(Stored dataset items)

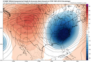 Vigorous low pressure aloft will play a big role in the instability (and snow) expected during this upcoming Arctic invasion. Map of Monday evening 500 mb height anomalies courtesy ECMWF, tropicaltidbits.com
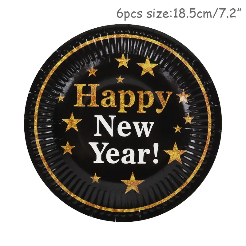 Новогоднее украшение 2022 г., одноразовая посуда, черные и золотые ...
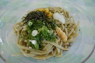 | 公園内はこんな感じで、植物公園らしく、楽しめます。また、ロータス館には、温室があります。このほか、お土産物、お食事どころがあります。 | これは、食堂でいただきました、「冷やし蓮うどん」です。黄色い豆のようなものが見えますが、これが蓮の実の甘露煮だそうです。 |
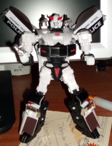 Y por fin Prowl. Le tenía muchas ganas, sólo para verme muy decepcionado también. Claro, siendo Prime el primero que cogí, me esperaba mucha más calidad de este, y me sentí ridículamente estafado. Una transformación que me pareció demasiado trabajosa para un deluxe (o para lo que ha sido Prowl siempre, no sé), tal vez más por el hecho de que enseguida se sueltan las puertas y crees que te lo has cargado, y es un coñazo ponerlo en cualquier postura. Da la impresión de ser enormemente frágil y su estabilidad es escasa. Para colmo, de espaldas o de perfil es bastante feito. Prime, Mirage o incluso Bumblebee superaron mis expectativas respecto a las fotos en webs, mientras que Prowl, desgraciadamente, ha conseguido todo lo contrario. Una pena.
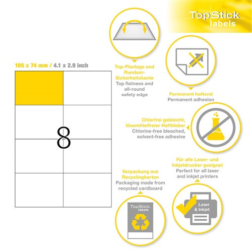 Etikett címke Topstick 105x74 mm szegély nélküli 100 ív 800 db/doboz
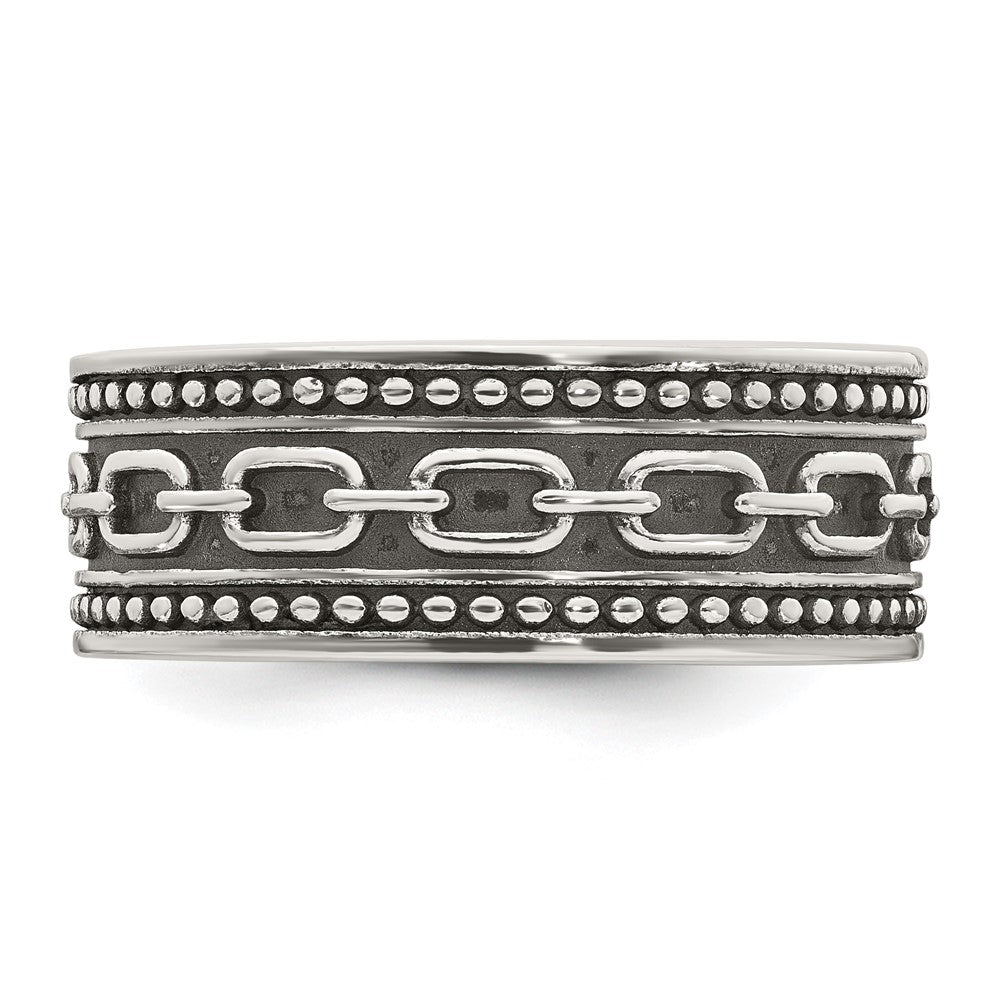 Sterling Silver Polished Beaded Antiqued Chain Link Band Size 9 Mens Ring
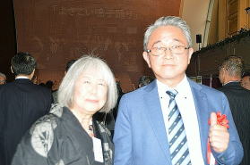 | 野中さんの恩師瀧石誠司先生から花束贈呈 | 「さよならは言わない」斉唱中@ | ||
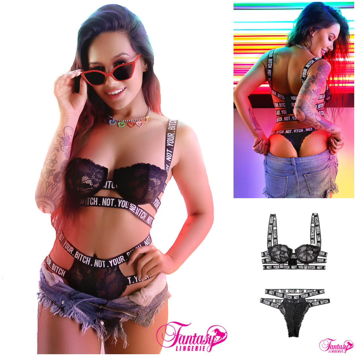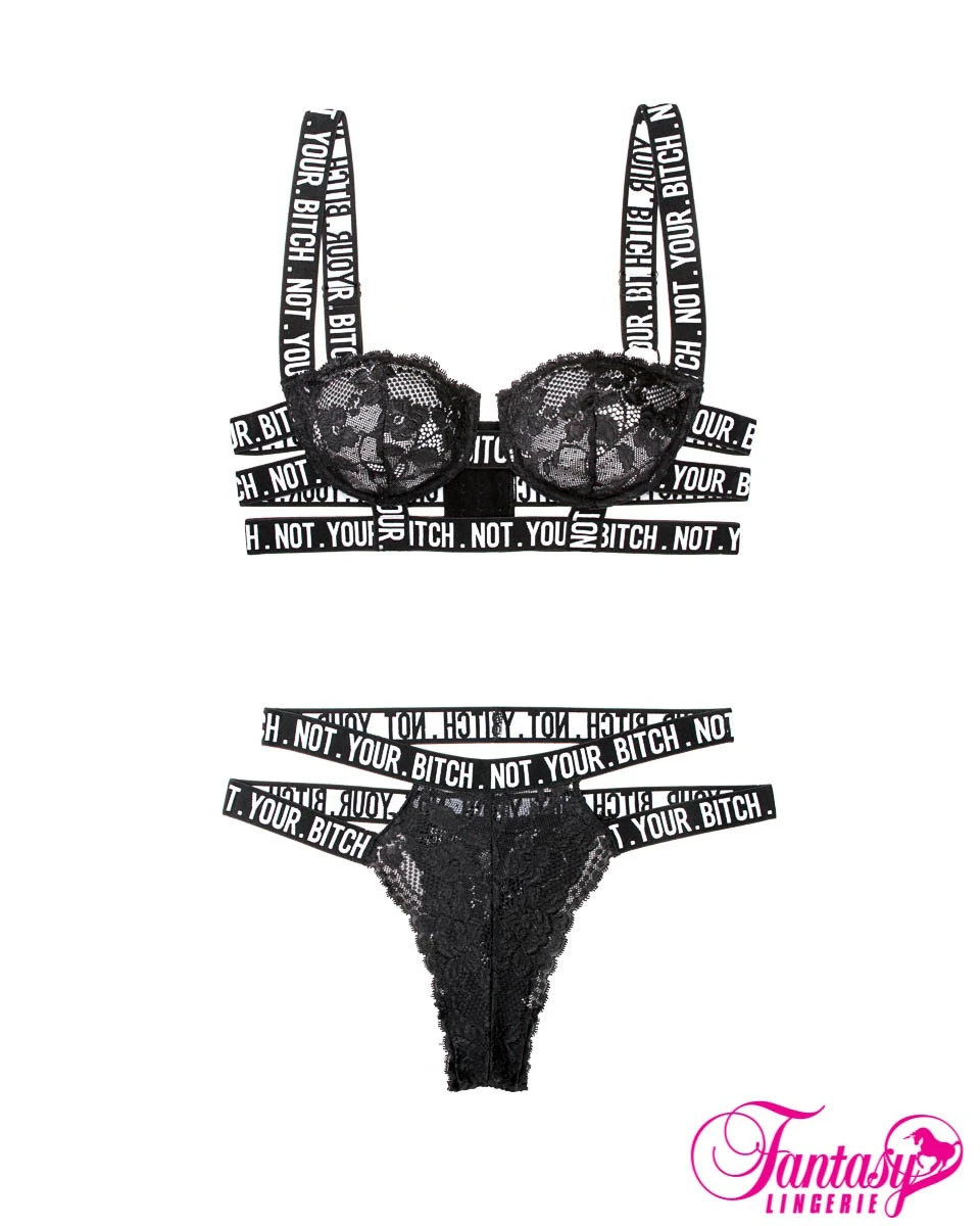 – Soutien-gorge en dentelle extensible avec des bonnets cerclés, trois fermetures à crochet au dos et “NOT. YOUR. BITCH” imprimé sur les larges bretelles élastiques ajustables et aux doubles sangles sous le buste.
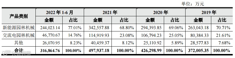 格力博产品按动力类型可分为新能源园林机械和交流电园林机械,其中以新能源园林机械为主,收入占比约 70%。新能源园林机械覆盖手持式、手推式、坐骑式和智能式全系列产品,主要包括割草机、打草机、吹风机、修枝机、链锯、智能割草机器人、智能坐骑式割草车及配套的电池包;交流电园林机械主要为清洗机、割草机,其他产品主要为空压机、电动工具和配件等。
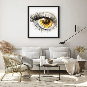 Poster in einem schwarzem Rahmen - Künstlerisches Auge mit sonnenblumenförmiger Iris - 70x50cm - Ein Look so heiß wie der Sommer - Moderne Wanddekoration für Wohnzimmer und Schlafzimmer ARTTOR
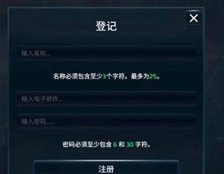 3、进入注册页面后,把新信息填写完整完成注册。注册完成后我们就可以进入游戏了。
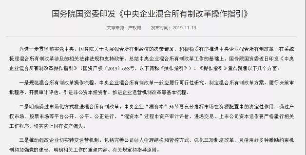 7.國(guó)務(wù)院國(guó)資委制定《中央企業(yè)混合所有制改革操作指引》
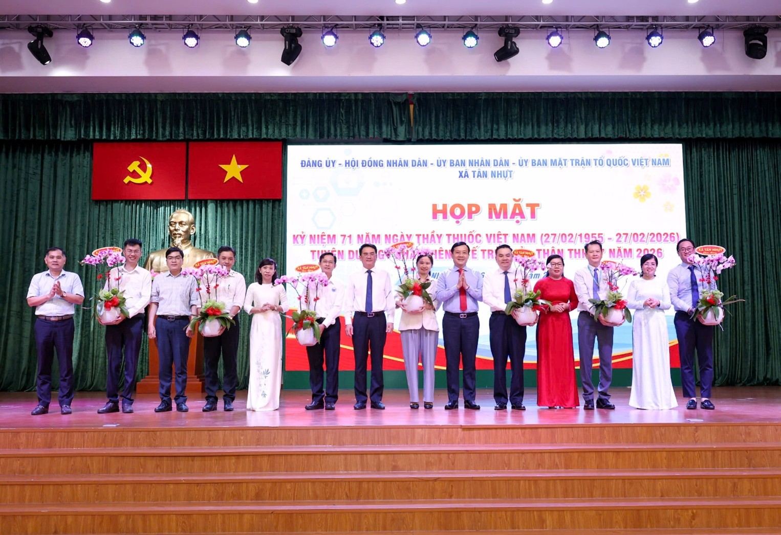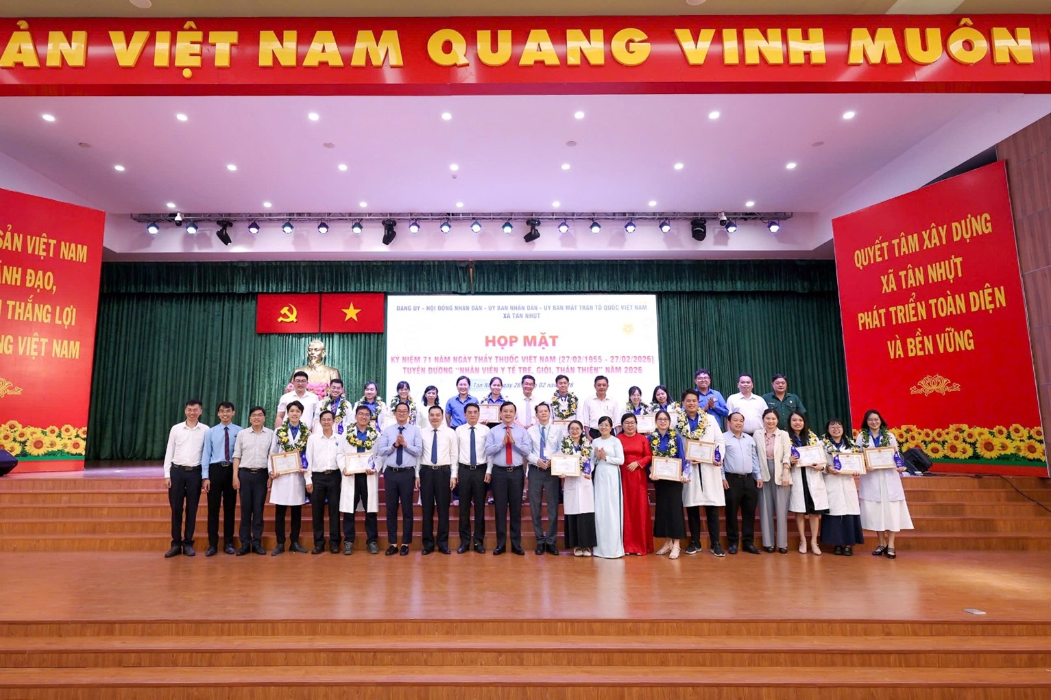 Chiều 26/02/2026, Đảng ủy, HĐND, UBND và Ủy ban MTTQ Việt Nam xã Tân Nhựt đã long trọng tổ chức buổi họp mặt kỷ niệm 71 năm Ngày Thầy thuốc Việt Nam (27/02/1955 - 27/02/2026). Buổi lễ là không gian ấm áp nhằm tri ân những cống hiến thầm lặng của đội ngũ y bác sĩ và các đơn vị y tế toạ lạc trên địa bàn.
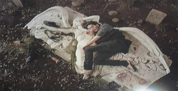 Figura 3: Gabriel dorme em cima de um túmulo no cemitério.

--- What is expected ---
What you output must match the data exactly, apart from the pictures, which are left out.

--- Result for this task ---
 Vigorous low pressure aloft will play a big role in the instability (and snow) expected during this upcoming Arctic invasion. Map of Monday evening 500 mb height anomalies courtesy ECMWF, tropicaltidbits.com
 Новогоднее украшение 2022 г., одноразовая посуда, черные и золотые ...
 | 公園内はこんな感じで、植物公園らしく、楽しめます。また、ロータス館には、温室があります。このほか、お土産物、お食事どころがあります。 | これは、食堂でいただきました、「冷やし蓮うどん」です。黄色い豆のようなものが見えますが、これが蓮の実の甘露煮だそうです。 |
 Y por fin Prowl. Le tenía muchas ganas, sólo para verme muy decepcionado también. Claro, siendo Prime el primero que cogí, me esperaba mucha más calidad de este, y me sentí ridículamente estafado. Una transformación que me pareció demasiado trabajosa para un deluxe (o para lo que ha sido Prowl siempre, no sé), tal vez más por el hecho de que enseguida se sueltan las puertas y crees que te lo has cargado, y es un coñazo ponerlo en cualquier postura. Da la impresión de ser enormemente frágil y su estabilidad es escasa. Para colmo, de espaldas o de perfil es bastante feito. Prime, Mirage o incluso Bumblebee superaron mis expectativas respecto a las fotos en webs, mientras que Prowl, desgraciadamente, ha conseguido todo lo contrario. Una pena.
 Etikett címke Topstick 105x74 mm szegély nélküli 100 ív 800 db/doboz
 Sterling Silver Polished Beaded Antiqued Chain Link Band Size 9 Mens Ring
 | 野中さんの恩師瀧石誠司先生から花束贈呈 | 「さよならは言わない」斉唱中@ | ||
 – Soutien-gorge en dentelle extensible avec des bonnets cerclés, trois fermetures à crochet au dos et “NOT. YOUR. BITCH” imprimé sur les larges bretelles élastiques ajustables et aux doubles sangles sous le buste.
 格力博产品按动力类型可分为新能源园林机械和交流电园林机械,其中以新能源园林机械为主,收入占比约 70%。新能源园林机械覆盖手持式、手推式、坐骑式和智能式全系列产品,主要包括割草机、打草机、吹风机、修枝机、链锯、智能割草机器人、智能坐骑式割草车及配套的电池包;交流电园林机械主要为清洗机、割草机,其他产品主要为空压机、电动工具和配件等。
 Poster in einem schwarzem Rahmen - Künstlerisches Auge mit sonnenblumenförmiger Iris - 70x50cm - Ein Look so heiß wie der Sommer - Moderne Wanddekoration für Wohnzimmer und Schlafzimmer ARTTOR
 3、进入注册页面后,把新信息填写完整完成注册。注册完成后我们就可以进入游戏了。
 7.國(guó)務(wù)院國(guó)資委制定《中央企業(yè)混合所有制改革操作指引》
 Chiều 26/02/2026, Đảng ủy, HĐND, UBND và Ủy ban MTTQ Việt Nam xã Tân Nhựt đã long trọng tổ chức buổi họp mặt kỷ niệm 71 năm Ngày Thầy thuốc Việt Nam (27/02/1955 - 27/02/2026). Buổi lễ là không gian ấm áp nhằm tri ân những cống hiến thầm lặng của đội ngũ y bác sĩ và các đơn vị y tế toạ lạc trên địa bàn.
 Figura 3: Gabriel dorme em cima de um túmulo no cemitério.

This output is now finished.